- shannonconner24
- Dec 6, 2025
- 2 min read
Updated: Dec 7, 2025
Weather: At Pt. Pinos, the morning started, once again, with moderate NNE winds; following the pattern of the last week or so, these winds dropped off and switched to light west towards the end of the count. It was a sunny day with minimal swell and good visibility. At the outer buoy, wind at dawn was NNE at ~12 knots. It switched to W ~6 knots at 1300 and had built to W ~12 knots at sunset.

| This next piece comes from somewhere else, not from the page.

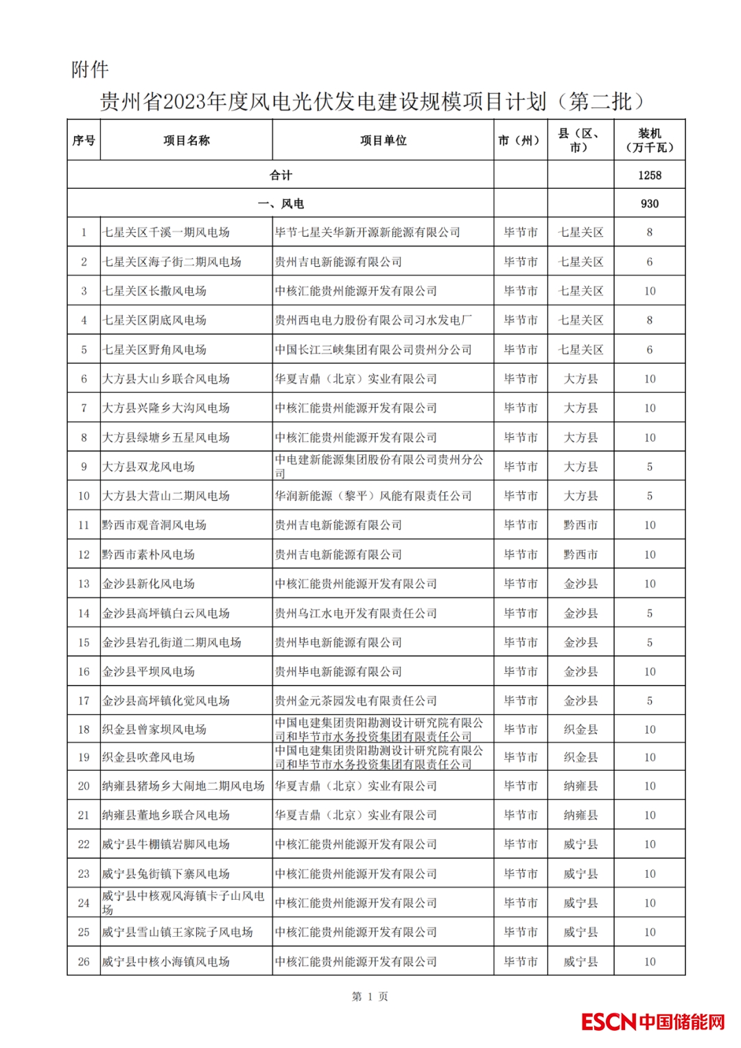 附件:貴州省2023年度風(fēng)電光伏發(fā)電建設(shè)規(guī)模項目計劃(第二批)

Pressure remained high: 30.17 at dawn to 30.20 at 0900, then falling to 30.11 at count's end.
We had a really enjoyable loon flight this morning from 0700-0900. The volume wasn't full-bore Pinos loon insanity, but these two consecutive thousand-hours featured perfect light on flocks of at least a few dozen passing close in front of the seawatch. I think a lot of us Pinos people take this for granted, but it's so nice to have a seawatch site that both has good light all day AND has a relatively close flight. It's certainly not the case in other places I've watched and counted... We ended the day with 2918 Pacifics and 176 Red-throats, and we also crossed the 10,000 mark for Red-throated Loon for the season today.
Loon hour also brought another nice murre push (492); we counted 834 total today, along with 12 Rhinoceros Auklets and 35 Ancient Murrelets.

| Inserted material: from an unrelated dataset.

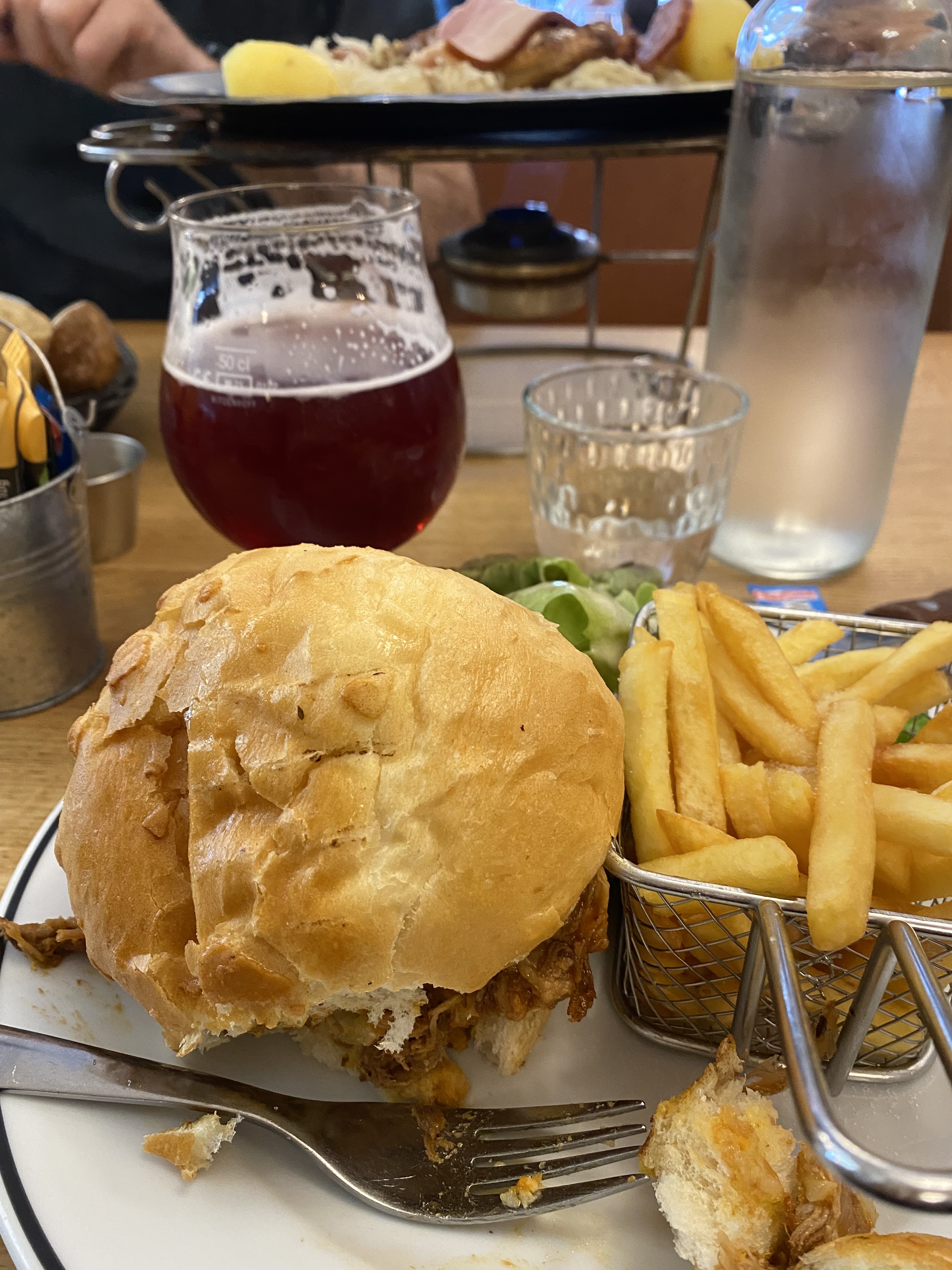 Cadre sympathique, typique d’une brasserie Visite le 1er novembre : carte réduite pour cause de jour férié Le burger pulled pork était vraiment très bon, la viande était goûtue et relevée. Les frites par contre n’ont rien d’exceptionnel. Après nous avoir donné la carte des desserts, il a bien fallu attendre 20 min pour qu’un serveur prenne la commande, après que nous lui avons fait signe. La crème brûlée était froide, or elle se mange tiède Le chocolat sur les profiteroles n’était pas chaud également, contrairement à d’habitude. Une qualité donc un peu dégradée par rapport à des venues précédentes

The Surf Scoter flight continues to trickle past: 303 today; the/a Royal Tern continues to make appearances -- we saw it fly out of the bay this morning, and it joined a big scrum just offshore the Seawatch this afternoon. The scrum was pretty fun, actually -- there were plenty of Glaucous-winged, Thayer's, Herring, and Short-billed Gulls amongst the California/Western/Heermann's conglomerate -- and Great Egrets, a Great Blue Heron, and some deft American Crows went tidepooling and got in on the inshore part of the anchovy feast. We noticed that a lot of birds looked comically pot-bellied after the scrum broke up...

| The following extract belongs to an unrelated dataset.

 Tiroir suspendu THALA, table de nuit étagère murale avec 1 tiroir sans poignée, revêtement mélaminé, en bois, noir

A CBS newsman turned up this afternoon to do a piece on the king tides. I'm not sure if anything I said will make it to the news: I'm no expert on king tides, and I talked about what I DO know (Seawatch, duh), before the conversation was fortuitously diverted to Don Roberson.
We had our first identifiable jaeger in several days, a Pomarine, and also had two Black-vented Shearwater sightings.